Strong reciprocity can be positive, such as seen in a one-shot trust game for example. Much more intensely studied however, are instances of negative reciprocity or punishment. Rejecting positive offers in an ultimatum game, for example, could be explained by referring to strong reciprocity: people want to punish a proposer that offers them too little. Widely studied too is punishment behavior in a public goods game. If a standard public goods game is extended with the option to punish co-players against some personal cost, a large number of players decide to punish freeriders, a mechanism that can prevent the collapse of cooperation on the long run.

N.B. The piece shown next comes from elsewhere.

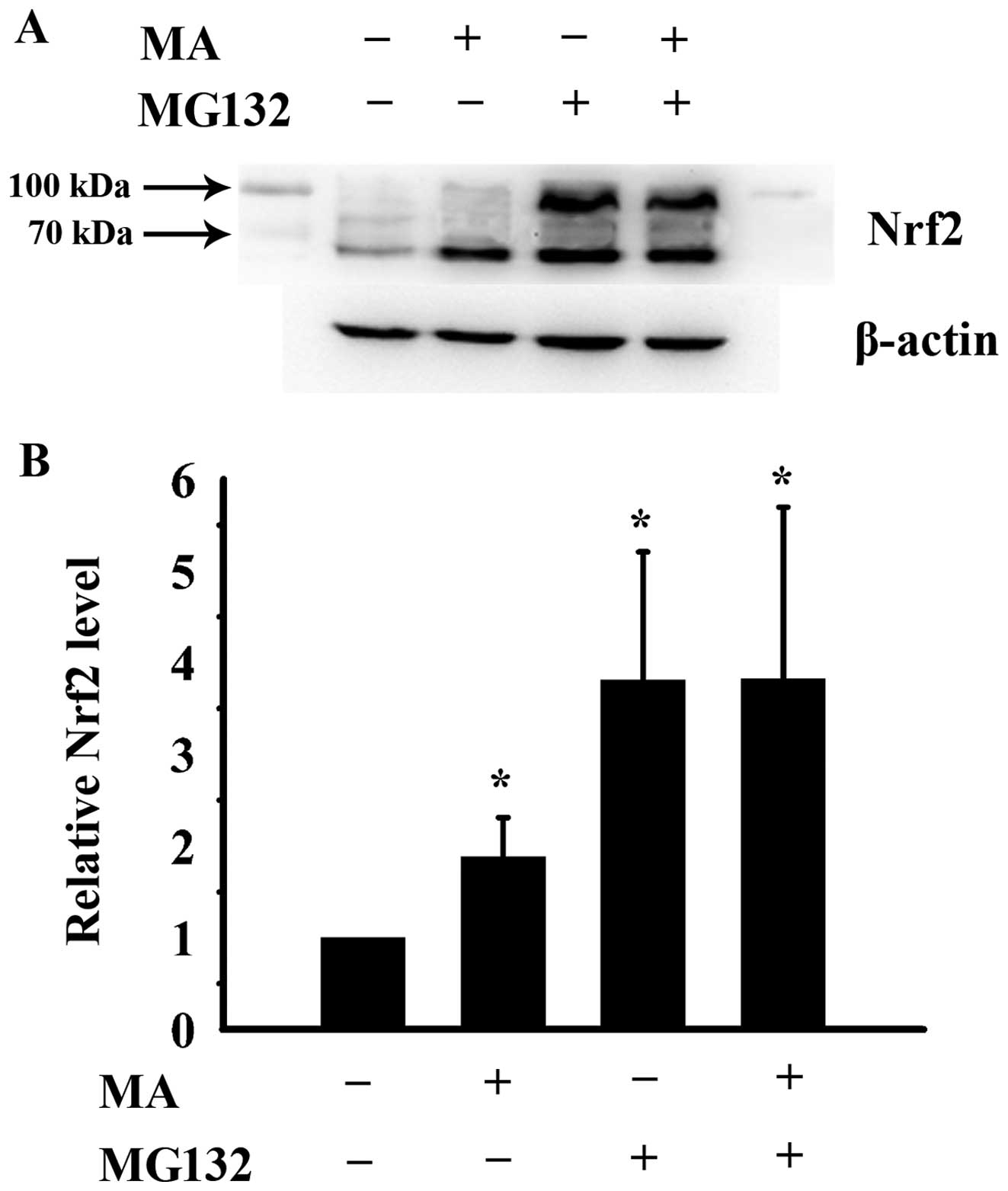 Total RNA was isolated using RNAiso Plus according to the manufacturer’s instructions. Total RNA was isolated using RNAiso Plus, and then 400 ng total RNA were reverse transcripted into cDNA. Subsequently, 2 μl cDNA were amplified with SYBR-Green Universal PCR Master mix in triplicate on a real-time PCR system (CFX96, Bio-Rad). Nrf2 mRNA levels related to β-actin levels were calculated using the ΔCt (cycle threshold) method. The primer sequences for human Nrf2 were: forward, 5′-ACTCCGGCATTTCACTAAACACAAG-3′ and reverse, 5′-CTGAGGCCAAGTAGTGTGTCTCCA-3′. The primer sequences for human β-actin were: forward, 5′-GCCCAGTCCTCTCCCAAGTC-3′ and reverse, 5′-GGCACGAAGGTCATCATTC-3′. Control cells were processed in an identical manner apart from MA treatment.

Punishment behavior is even observed in one-shot games, be it to a lesser extent, thereby excluding weak reciprocity and strategic prosociality as an explanation (Fehr & Gächter, 2000).
An interesting addition to strong reciprocity is the insight that we do not only reciprocate observed behavior, but also expected behavior. Fischbacher and Gächter (2010) found that actual contributions in a public goods game correlated positively with expected average contributions. While initially, it seems to be a possibility that people use their own planned contributions as an anchor to
estimate other's contributions, Fischbacher and Gächter show that people do in fact base their own contributions on the expected offers of others.
Finally, strong reciprocity seems to extent to third-party situations. Not only do we reciprocate kind behavior towards us with kindness and unkind behavior towards us with unkindness, we also seem to be willing to reward those people that are kind to others and punish those that are unkind. Fehr and Fischbacher (2004), for example, carried out an experiment based on a dictator game, but added a third party that could observe the decision of the dictator and punish the dictator against some cost. A significant percentage of third-party onlookers did indeed decide to punish the dictator if he chose an allocation that was perceived as unkind (zero or almost zero).
HETEROGENEITY
Economists like to make predictions on the aggregate level, and therefore economic models are usually based on a type of universal behavior. However, in reality people are not all the same, do not all strive for the same and do certainly not all act the same. Pretending that we do might keep us from gaining essential insights into human behavior that could lead to more accurate predictions.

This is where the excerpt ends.